小鱼说他母亲不同意,但他非常肯定小鱼喜欢他,不然之前为什么半夜在他面前梳头,还和他一起睡觉,一起吃饭,这不都是夫妻才能做得事。
还在他面前穿的很少,给他做好吃的。
但是小鱼一直没有跟他表达心意,那天试探原来是他母亲的原因。
小鱼说人鬼殊途,活人跟死人是没法在一起的,不过没关系,他可以等几十年等小鱼死了,鬼和鬼就能在一起了。
裴寂捏着那盒避孕套,脑子里乱糟糟一片。
这个用不上,因为他是鬼,鬼没有活人才会生的病,不过阴气入体总归是对活人不好的,可小鱼要是想要怎么办,他要拒绝吗。
难不成要在他那里缠一圈符纸吗,或者贴在小鱼屁股上?
小鱼真馋。
听到贺鱼卫生间洗澡的声音消失,裴寂心里下定决心,决不能轻易给他,得不到的就是最好的,要是吃到了回头活着的时候移情别恋,他管不到阳间事,死了怎么也跑不掉了。

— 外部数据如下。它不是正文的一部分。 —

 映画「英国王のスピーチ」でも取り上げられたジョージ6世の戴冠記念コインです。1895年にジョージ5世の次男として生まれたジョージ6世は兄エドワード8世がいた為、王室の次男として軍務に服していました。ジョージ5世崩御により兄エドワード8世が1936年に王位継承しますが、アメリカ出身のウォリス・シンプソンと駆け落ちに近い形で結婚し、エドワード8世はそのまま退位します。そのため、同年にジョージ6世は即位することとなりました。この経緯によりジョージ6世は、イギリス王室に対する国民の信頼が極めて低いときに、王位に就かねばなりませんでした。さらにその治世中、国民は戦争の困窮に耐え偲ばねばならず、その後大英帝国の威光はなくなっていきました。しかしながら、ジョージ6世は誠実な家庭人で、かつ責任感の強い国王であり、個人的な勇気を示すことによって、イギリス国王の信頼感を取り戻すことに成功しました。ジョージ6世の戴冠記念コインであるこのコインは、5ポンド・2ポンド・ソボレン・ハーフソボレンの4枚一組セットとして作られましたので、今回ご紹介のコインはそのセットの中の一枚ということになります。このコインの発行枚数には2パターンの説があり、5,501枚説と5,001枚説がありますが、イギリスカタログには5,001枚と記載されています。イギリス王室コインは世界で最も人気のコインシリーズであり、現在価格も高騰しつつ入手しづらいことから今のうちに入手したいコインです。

贺鱼给裴寂送水果的时候看到裴寂桌上摆着的塑料袋和那几样东西,手里的碗差点掉到地上摔个粉碎。
他那一刻想好怎么死不太痛苦,重新投胎,人生重开吧。
也不知道是要骂长青子还是骂裴寂,贺鱼无力瘫坐在沙发上,把手机里的短视频软件和一切能与外界联系的都通通卸载。
裴寂晚上睡觉时还较往常离贺鱼远了些许,贺鱼揪着被子想给那个不靠谱的师叔揍一顿,他就该在路上丢掉这些东西,他为什么手贱带回来。

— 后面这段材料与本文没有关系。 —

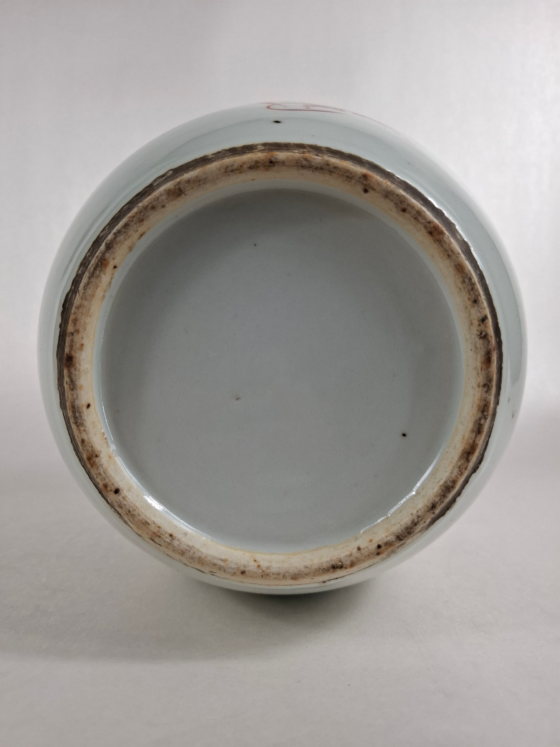 Um pote de gengibre de porcelana antigo decorado com cães foo vermelhos na frente e caligrafias chinesas no verso. O pote de gengibre é feito na China e data do período da República (1912-1949).

平时两张床虽然大,两人也没有离这么远,现在几乎是裴寂靠在最边上睡。
大约过了十分钟,裴寂又蹭到贺鱼的旁边,越来越近。
贺鱼身上一凉,他本来昏昏欲睡的脑袋一下清醒:“你干嘛!”
裴寂干什么突然抱住他,这姿势也太恶心了。
裴寂的手臂环住他的腰:“只能这样,再多可不行了。”
贺鱼:?
他在说什么鬼话,他用手臂锤了垂裴寂的肚子:“起开,抽什么风?”
裴寂没撒手,又紧了紧。
贺鱼觉得很奇怪,这不对劲吧,俩男的搂着睡干什么:“松开上一边去,你身上好冷。”
已经入秋,裴寂不像夏天贴着凉爽,被窝里进来都冰凉的时候,贺鱼才不想挨着他睡。
这话倒是管用,裴寂放开了他。
贺鱼心里松口气,耳畔有些痒,贺鱼伸手想挠挠,碰到一缕发丝。
裴寂的头发,也是长发。
贺鱼觉得自己的想法有些荒谬,给那缕头发拨到一边,困意来袭翻个身就睡了。
秋天入冬的时候温度很低,晚上被子没盖严会很冷,贺鱼不爱用电热毯,会很干。
但最近这些天的晚上并没有像之前那样低的温度,贺鱼觉得可能是自己每日晨练起到了作用。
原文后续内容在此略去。